*TASK DESCRIPTION*. Type out the lines below exactly, from the first through the line holding "Bortis Impex Comoda", and include no pictures.

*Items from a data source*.

______________________________

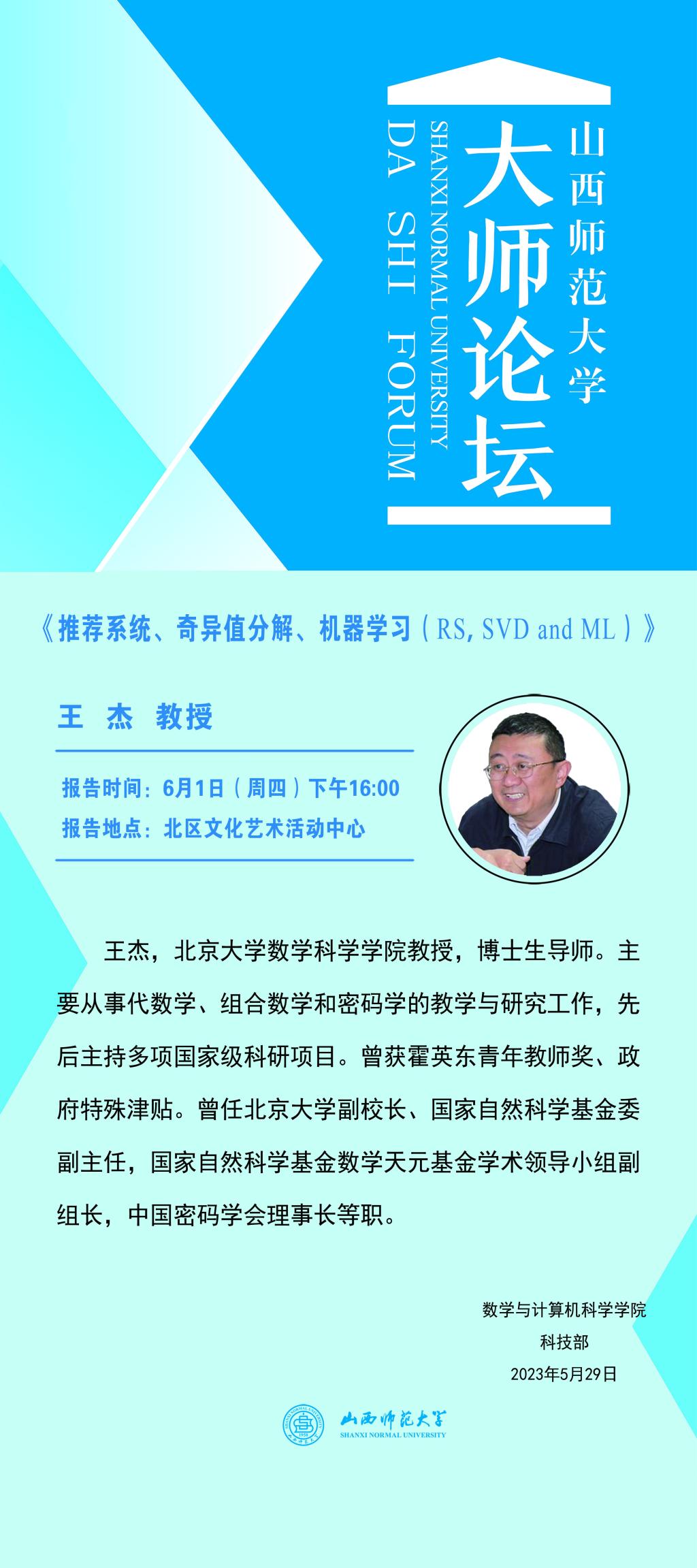 【大师论坛】北京大学王杰教授应永利官网邀请作学术报告
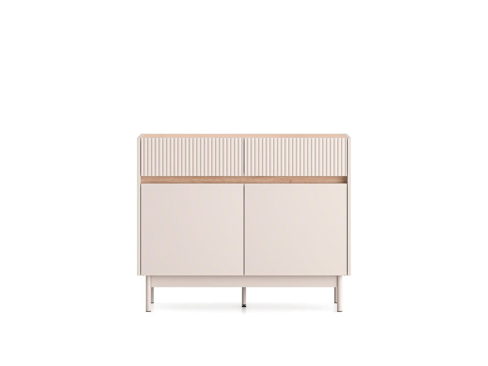 Bortis Impex Comoda cu 2 sertare si 2 usi , pal casmir/stejar, fronturi sertare cu caneluri riflaj, 104 cm lungime x 40 cm adancimex 85 cm inaltime, pe picioare
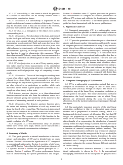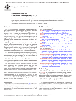 SIGNIFICANCE AND USE 5.1 Computed tomography (CT) is a radiographic reconstruction method that provides a sensitive technique whenever the primary goal is to locate and size planar and volumetric detail in three dimensions. 5.2 CT provides quantitative volume images as a function of density and element number (attenuation coefficient) by means of computer-processed combinations of many X-ray measurements taken from different angles to produce cross-sectional images of specific areas of a scanned object, allowing the user to see inside the object without cutting. CT is considered much easier to interpret than conventional radiographic data due to the elimination of overlapping structures. The new user can learn quickly to read CT data because the images correspond more closely to the way the human mind visualizes three-dimensional structures than conventional projection radiography. Further, because CT slices and volumes are digital, they may be enhanced, analyzed, compressed, archived, input as data into performance calculations, compared with digital data from other NDE modalities, or transmitted to other locations for remote viewing. SCOPE 1.1 CT is a radiographic examination technique that generates digital images in three dimensions of an object, including the interior structure. Because of the relatively good penetrability of X-rays, CT permits the nondestructive physical and, to a limited extent, chemical characterization of the internal structure of materials. Also, since the method is X-ray based, it applies equally well to metallic and non-metallic specimens, solid and fibrous materials, and smooth and irregularly surfaced objects. 1.2 This guide is intended to satisfy two general needs for users of industrial CT equipment: (1) the need for a tutorial guide addressing the general principles of X-ray CT as they apply to industrial imaging; and (2) the need for a consistent set of CT performance parameter definitions, including how these performance parameters relate to CT system specifications. 1.3 This guide does not specify CT examination techniques, such as the best selection of scan parameters, the preferred implementation of scan procedures, or the establishment of accept/reject criteria for a new object. 1.4 Units—No units are mentioned in this document. However, for CT, values are typically stated in SI units and are regarded as standard. 1.5 This standard does not purport to address all of the safety concerns, if any, associated with its use. It is the responsibility of the user of this standard to establish appropriate safety, health, and environmental practices and determine the applicability of regulatory limitations prior to use. 1.6 This international standard was developed in accordance with internationally recognized principles on standardization established in the Decision on Principles for the Development of International Standards, Guides and Recommendations issued by the World Trade Organization Technical Barriers to Trade (TBT) Committee.
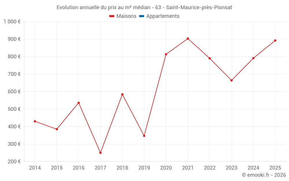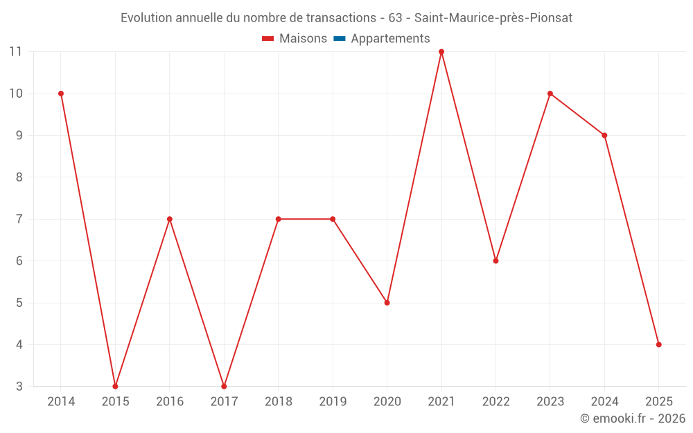 Le prix médian sur les 19 transactions de maisons des 24 derniers mois dans la commune de Saint-Maurice-près-Pionsat était de 802 € par mètre carré pour une valeur foncière médiane de 69 000 €. Sur cette période 60% des transactions se sont situées entre 322 et 1 137 € par mètre carré (du 2ème au 8ème déciles).
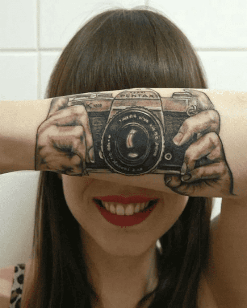 Upon first glance, this tattoo might appear somewhat unusual, but when you consider the possibilities it offers, its appeal becomes evident. Specifically, the wearer no longer needs to mimic holding a camera with her hands—now, a simple lift of her arm positions the camera perfectly. Remarkably, it’s a unique party trick that certainly stands out!

______________________________

*TASK RESPONSE*.
 【大师论坛】北京大学王杰教授应永利官网邀请作学术报告
 Bortis Impex Comoda cu 2 sertare si 2 usi , pal casmir/stejar, fronturi sertare cu caneluri riflaj, 104 cm lungime x 40 cm adancimex 85 cm inaltime, pe picioare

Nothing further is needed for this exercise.